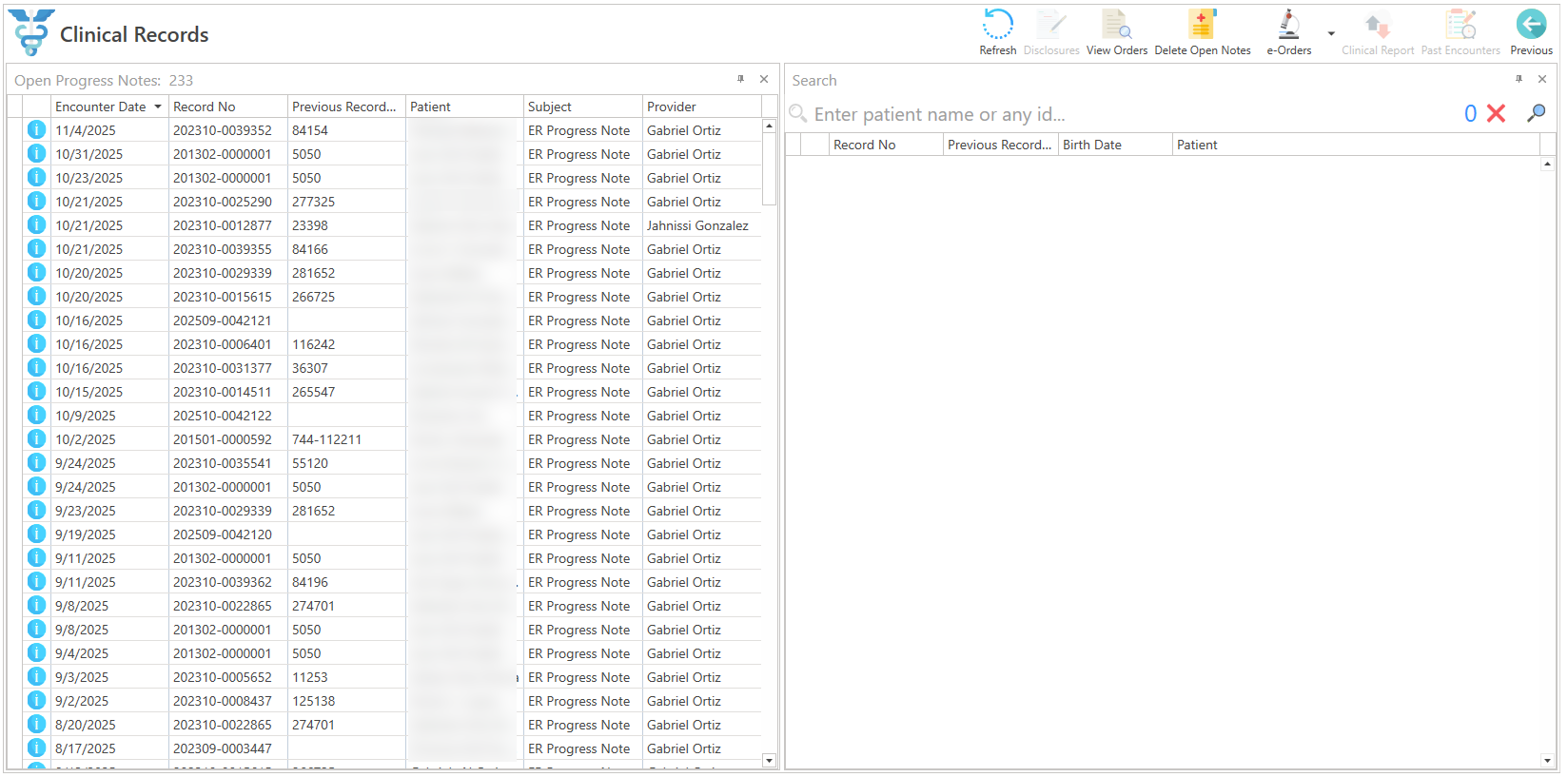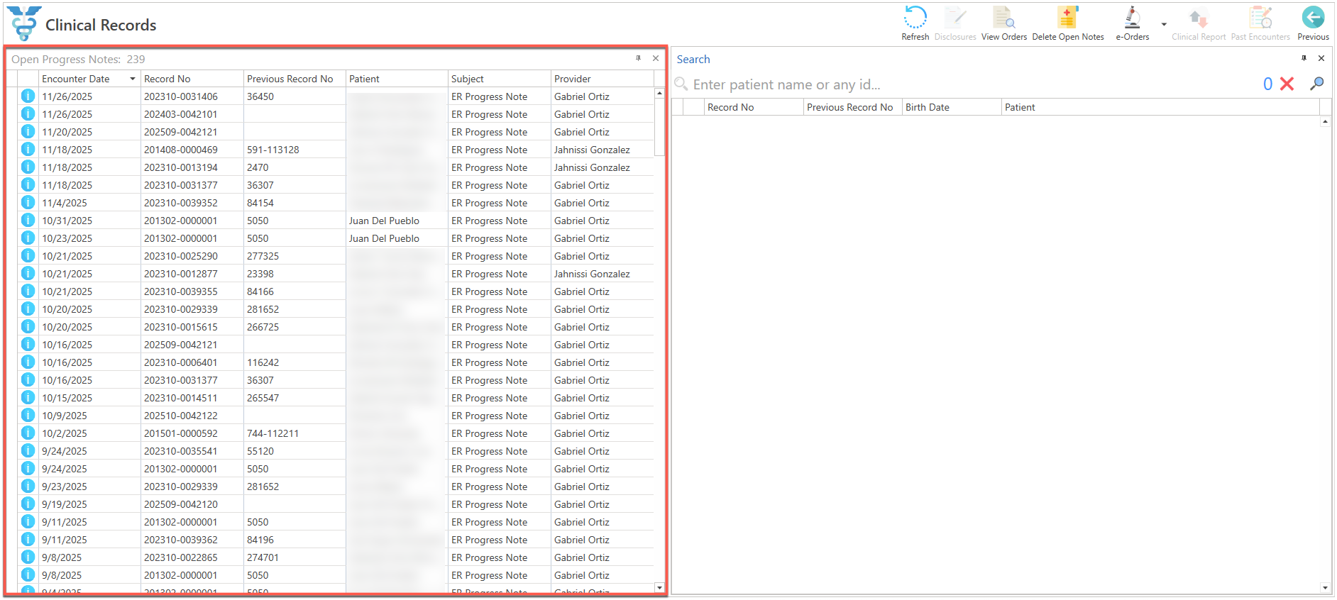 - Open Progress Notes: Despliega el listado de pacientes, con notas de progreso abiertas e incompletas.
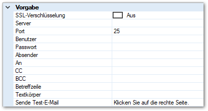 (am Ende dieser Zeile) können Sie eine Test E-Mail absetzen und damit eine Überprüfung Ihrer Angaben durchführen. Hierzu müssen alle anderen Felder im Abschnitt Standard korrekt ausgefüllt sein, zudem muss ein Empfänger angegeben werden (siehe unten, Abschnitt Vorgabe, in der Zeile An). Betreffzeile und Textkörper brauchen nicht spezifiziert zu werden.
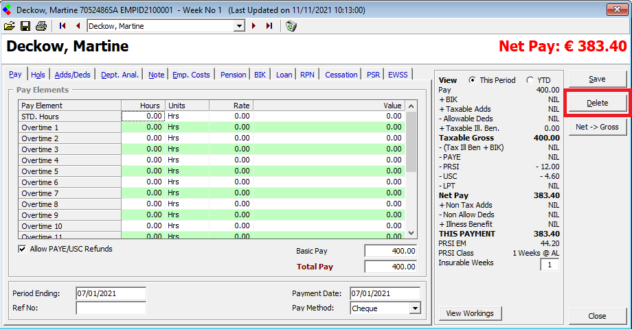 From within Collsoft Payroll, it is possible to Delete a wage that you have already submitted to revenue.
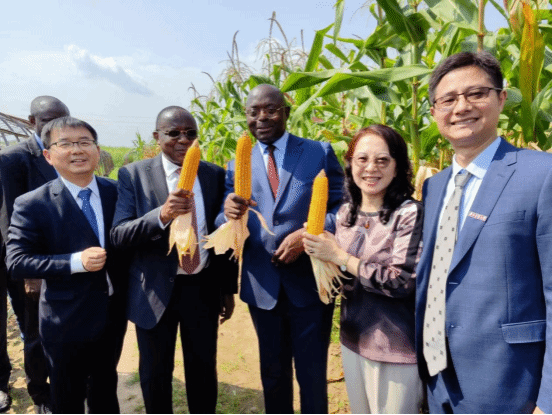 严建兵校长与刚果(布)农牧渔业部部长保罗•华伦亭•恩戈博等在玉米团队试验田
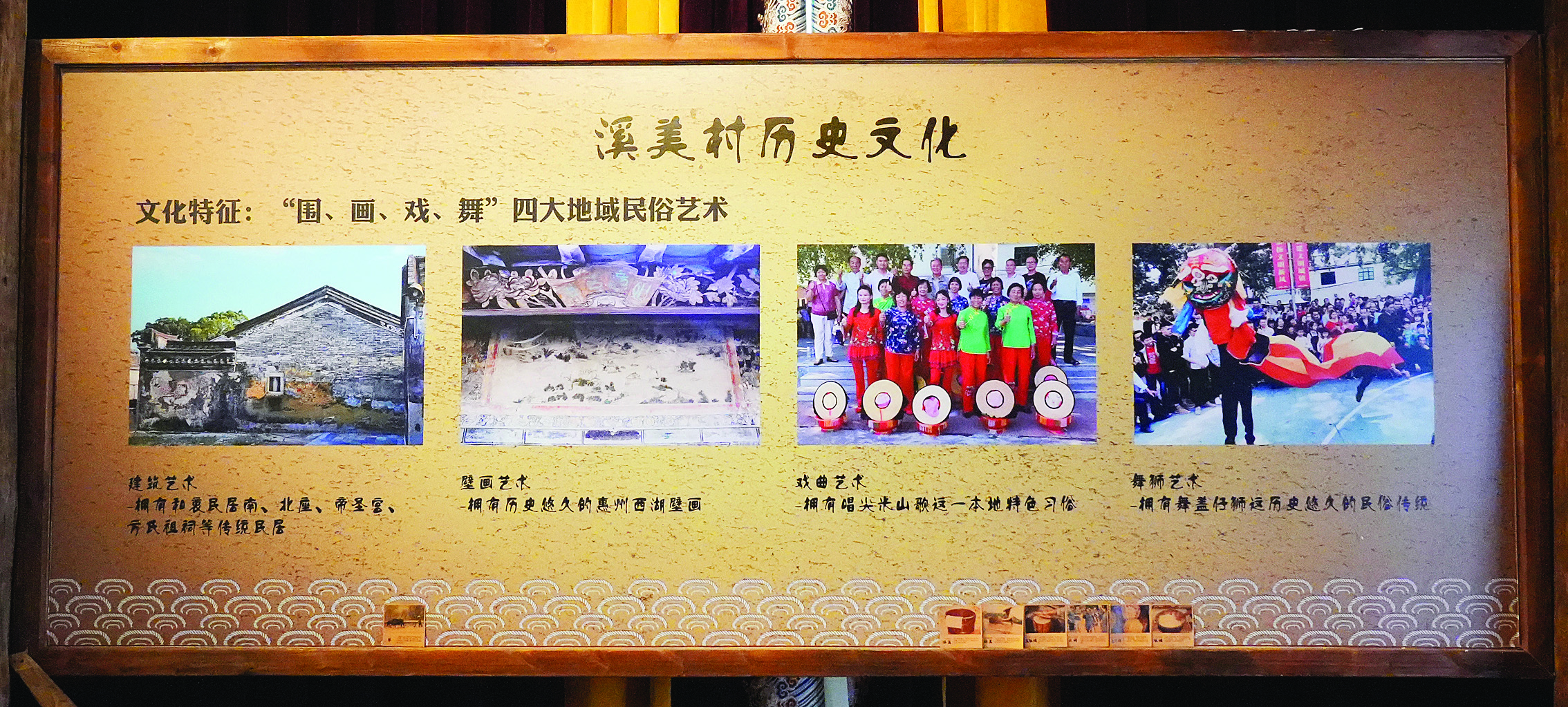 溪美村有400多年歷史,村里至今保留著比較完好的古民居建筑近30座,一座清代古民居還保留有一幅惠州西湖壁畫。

--------------------------------------------------

Leaving out every picture, extract verbatim the lines from the one containing "(am Ende dieser" through the last line of the listing, inclusive.

▸ **SOLUTION FOR THIS EXERCISE**
 (am Ende dieser Zeile) können Sie eine Test E-Mail absetzen und damit eine Überprüfung Ihrer Angaben durchführen. Hierzu müssen alle anderen Felder im Abschnitt Standard korrekt ausgefüllt sein, zudem muss ein Empfänger angegeben werden (siehe unten, Abschnitt Vorgabe, in der Zeile An). Betreffzeile und Textkörper brauchen nicht spezifiziert zu werden.
 From within Collsoft Payroll, it is possible to Delete a wage that you have already submitted to revenue.
 严建兵校长与刚果(布)农牧渔业部部长保罗•华伦亭•恩戈博等在玉米团队试验田
 溪美村有400多年歷史,村里至今保留著比較完好的古民居建筑近30座,一座清代古民居還保留有一幅惠州西湖壁畫。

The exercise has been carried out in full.